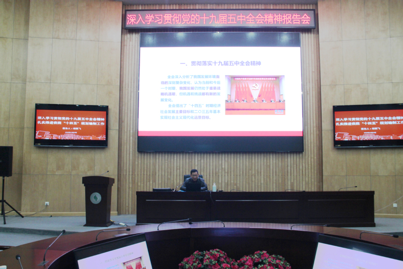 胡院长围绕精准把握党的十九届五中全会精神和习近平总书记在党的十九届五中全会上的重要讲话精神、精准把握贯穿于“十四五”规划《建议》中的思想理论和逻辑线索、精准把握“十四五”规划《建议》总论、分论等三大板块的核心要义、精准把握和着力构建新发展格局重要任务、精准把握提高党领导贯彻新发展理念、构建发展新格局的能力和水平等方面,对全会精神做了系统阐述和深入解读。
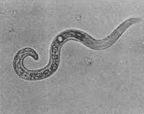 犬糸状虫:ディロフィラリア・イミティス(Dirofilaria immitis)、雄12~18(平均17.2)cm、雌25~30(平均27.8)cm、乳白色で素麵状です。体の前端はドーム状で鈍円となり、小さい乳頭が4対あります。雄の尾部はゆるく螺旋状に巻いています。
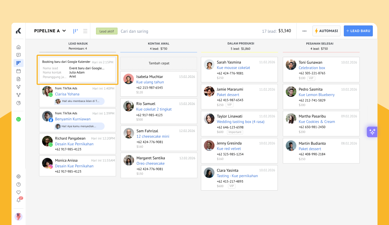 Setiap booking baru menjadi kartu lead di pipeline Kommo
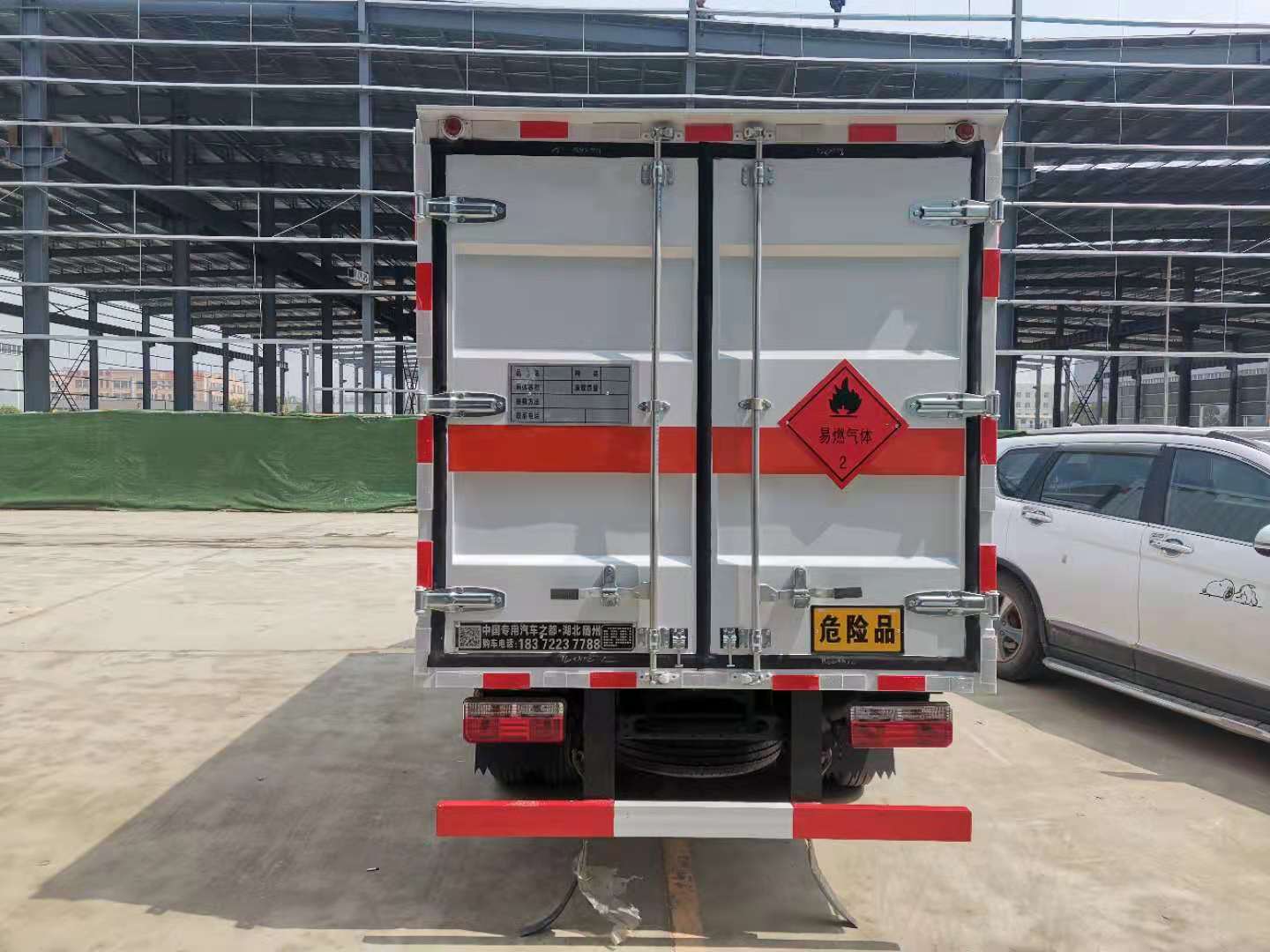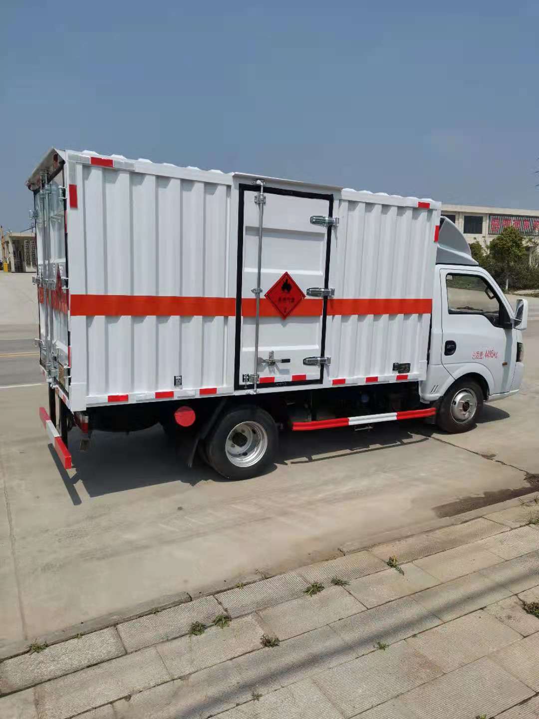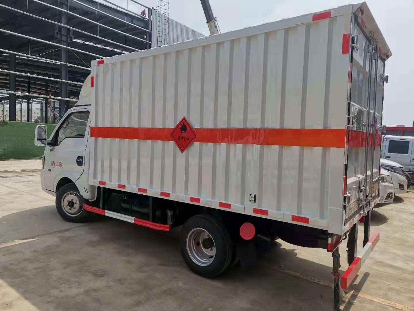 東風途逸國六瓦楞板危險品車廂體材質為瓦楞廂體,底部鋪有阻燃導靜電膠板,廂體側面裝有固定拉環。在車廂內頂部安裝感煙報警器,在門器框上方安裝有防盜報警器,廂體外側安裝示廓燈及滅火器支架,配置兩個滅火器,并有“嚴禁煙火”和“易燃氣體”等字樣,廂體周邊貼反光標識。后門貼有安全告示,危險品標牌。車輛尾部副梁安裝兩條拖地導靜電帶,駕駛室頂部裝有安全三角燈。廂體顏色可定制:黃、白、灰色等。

» **Exercise prompt**: What is needed here is each line above set down word for word, minus the images.

» **Response area**:
 胡院长围绕精准把握党的十九届五中全会精神和习近平总书记在党的十九届五中全会上的重要讲话精神、精准把握贯穿于“十四五”规划《建议》中的思想理论和逻辑线索、精准把握“十四五”规划《建议》总论、分论等三大板块的核心要义、精准把握和着力构建新发展格局重要任务、精准把握提高党领导贯彻新发展理念、构建发展新格局的能力和水平等方面,对全会精神做了系统阐述和深入解读。
 犬糸状虫:ディロフィラリア・イミティス(Dirofilaria immitis)、雄12~18(平均17.2)cm、雌25~30(平均27.8)cm、乳白色で素麵状です。体の前端はドーム状で鈍円となり、小さい乳頭が4対あります。雄の尾部はゆるく螺旋状に巻いています。
 Setiap booking baru menjadi kartu lead di pipeline Kommo
 東風途逸國六瓦楞板危險品車廂體材質為瓦楞廂體,底部鋪有阻燃導靜電膠板,廂體側面裝有固定拉環。在車廂內頂部安裝感煙報警器,在門器框上方安裝有防盜報警器,廂體外側安裝示廓燈及滅火器支架,配置兩個滅火器,并有“嚴禁煙火”和“易燃氣體”等字樣,廂體周邊貼反光標識。后門貼有安全告示,危險品標牌。車輛尾部副梁安裝兩條拖地導靜電帶,駕駛室頂部裝有安全三角燈。廂體顏色可定制:黃、白、灰色等。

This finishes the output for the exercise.